Page MenuHomePhabricator

uca-tr collation lists "I" as "ı" in category pages on trwiki
Closed, ResolvedPublic

Description

After migrating to uca-tr, category pages on trwiki started to render the uppercase ı (I) in lowercase form (ı). See this page for an example.

Event Timeline

Superyetkin triaged this task as Normal priority.
Aklapper raised the priority of this task from Normal to Needs Triage.Aug 30 2018, 2:35 PM

@Superyetkin: As requested before, please do not prioritize tasks if you don't plan to work on them. Thanks!

Urbanecm moved this task from Backlog to Own projects on the User-Urbanecm board.Sep 10 2018, 6:34 PM
Urbanecm moved this task from Own projects to Backlog on the User-Urbanecm board.

What needs to be done to fix this issue? A patch?

Bawolff added a subscriber: Bawolff.EditedFeb 20 2019, 3:17 PM

Just to make sure I understand correctly (Since I don't speak Turkish).

The issue is, that on page https://tr.wikipedia.org/wiki/Kategori:Bat%C4%B1_Asya_%C3%BClkeleri the subcategory Irak‎ is currently listed under ı U+0131 "LATIN SMALL LETTER DOTLESS I" where it really should be written under I U+0049 "LATIN CAPITAL LETTER I"

So at first glance, it looks like (IcuCollation.php line 397):

// Primary collision (two characters with the same sort position).
// Keep whichever one sorts first in the main collator.
$comp = $this->mainCollator->compare( $letter, $letterMap[$key] );

Has the comparison reversed, since lowercase comes before uppercase.

So at first glance, it looks like (IcuCollation.php line 397):

// Primary collision (two characters with the same sort position).
// Keep whichever one sorts first in the main collator.
$comp = $this->mainCollator->compare( $letter, $letterMap[$key] );

Has the comparison reversed, since lowercase comes before uppercase.

However, changing this would probably affect which letter is chosen as section header in several langauges like: dsb, et, eu, fa, fi, fo, fur, hsb, kk, kl, km, ku, ky, lkt, ln, lt, lv, [I stopped checking at this point]

So probably safer to leave that as it is, and special case Turkish.

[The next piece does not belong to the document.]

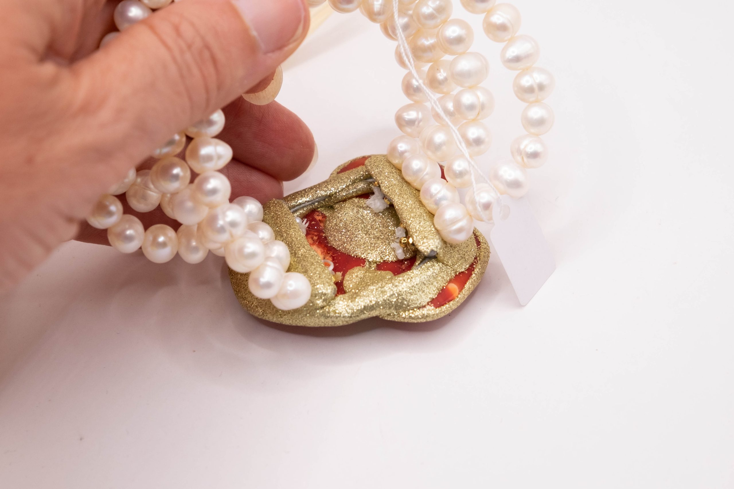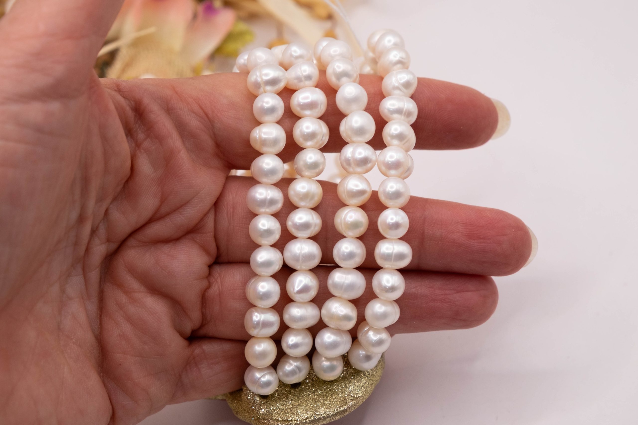 4-strand natural pearl bracelet, elasticated with a red bamboo coral centre and glittery base

Change 491801 had a related patch set uploaded (by Brian Wolff; owner: Brian Wolff):
[mediawiki/core@master] Make uca-tr use dotless I as uppercase of dotless i

https://gerrit.wikimedia.org/r/491801

Change 491801 merged by jenkins-bot:
[mediawiki/core@master] Make uca-tr use I as uppercase of dotless ı instead of reverse

https://gerrit.wikimedia.org/r/491801

matmarex closed this task as Resolved.Feb 20 2019, 9:23 PM
matmarex assigned this task to Bawolff.

This will be fixed on Turkish Wikipedia next week, with the deployment of MW 1.33.0-wmf.19.

(No updateCollation.php run is needed; the ordering was already correct, just under the wrong heading.)